» Exercise: From the data below, return only the lines from the one with "Ces magnifiques serviettes" through the one with "中新社發(fā) 俊影 攝", exact and inclusive, with pictures left out.

» Source material:
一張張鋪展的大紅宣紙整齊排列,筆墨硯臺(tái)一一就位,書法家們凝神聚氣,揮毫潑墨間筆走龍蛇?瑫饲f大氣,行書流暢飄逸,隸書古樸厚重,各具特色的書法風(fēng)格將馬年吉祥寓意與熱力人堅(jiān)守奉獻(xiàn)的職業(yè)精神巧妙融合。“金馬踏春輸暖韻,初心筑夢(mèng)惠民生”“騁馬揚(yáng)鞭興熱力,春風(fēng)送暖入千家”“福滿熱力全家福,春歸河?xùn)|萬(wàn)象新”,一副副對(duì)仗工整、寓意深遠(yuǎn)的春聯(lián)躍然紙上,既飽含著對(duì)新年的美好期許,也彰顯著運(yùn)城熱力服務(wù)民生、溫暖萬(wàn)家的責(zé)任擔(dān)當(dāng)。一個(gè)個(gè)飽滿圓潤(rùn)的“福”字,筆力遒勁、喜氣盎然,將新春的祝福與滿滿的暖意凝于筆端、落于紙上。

--

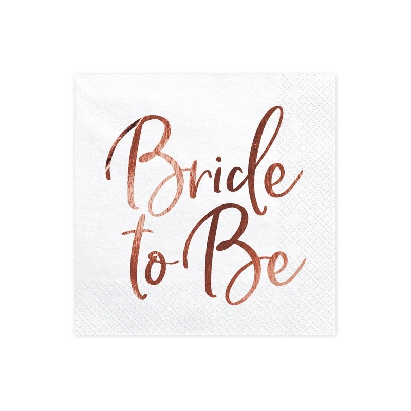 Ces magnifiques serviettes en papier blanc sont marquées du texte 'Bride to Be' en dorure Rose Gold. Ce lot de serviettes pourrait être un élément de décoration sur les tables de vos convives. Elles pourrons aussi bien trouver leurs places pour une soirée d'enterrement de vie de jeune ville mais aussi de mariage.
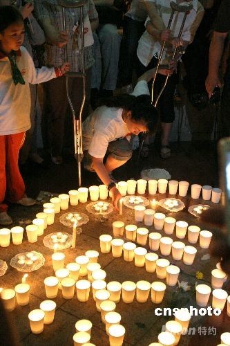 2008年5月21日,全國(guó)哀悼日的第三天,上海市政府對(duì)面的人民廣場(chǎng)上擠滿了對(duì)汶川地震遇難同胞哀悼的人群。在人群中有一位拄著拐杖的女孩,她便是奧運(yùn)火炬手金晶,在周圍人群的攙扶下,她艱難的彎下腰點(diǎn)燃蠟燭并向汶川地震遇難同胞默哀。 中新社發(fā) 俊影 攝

» Solution for this exercise:
 Ces magnifiques serviettes en papier blanc sont marquées du texte 'Bride to Be' en dorure Rose Gold. Ce lot de serviettes pourrait être un élément de décoration sur les tables de vos convives. Elles pourrons aussi bien trouver leurs places pour une soirée d'enterrement de vie de jeune ville mais aussi de mariage.
 2008年5月21日,全國(guó)哀悼日的第三天,上海市政府對(duì)面的人民廣場(chǎng)上擠滿了對(duì)汶川地震遇難同胞哀悼的人群。在人群中有一位拄著拐杖的女孩,她便是奧運(yùn)火炬手金晶,在周圍人群的攙扶下,她艱難的彎下腰點(diǎn)燃蠟燭并向汶川地震遇難同胞默哀。 中新社發(fā) 俊影 攝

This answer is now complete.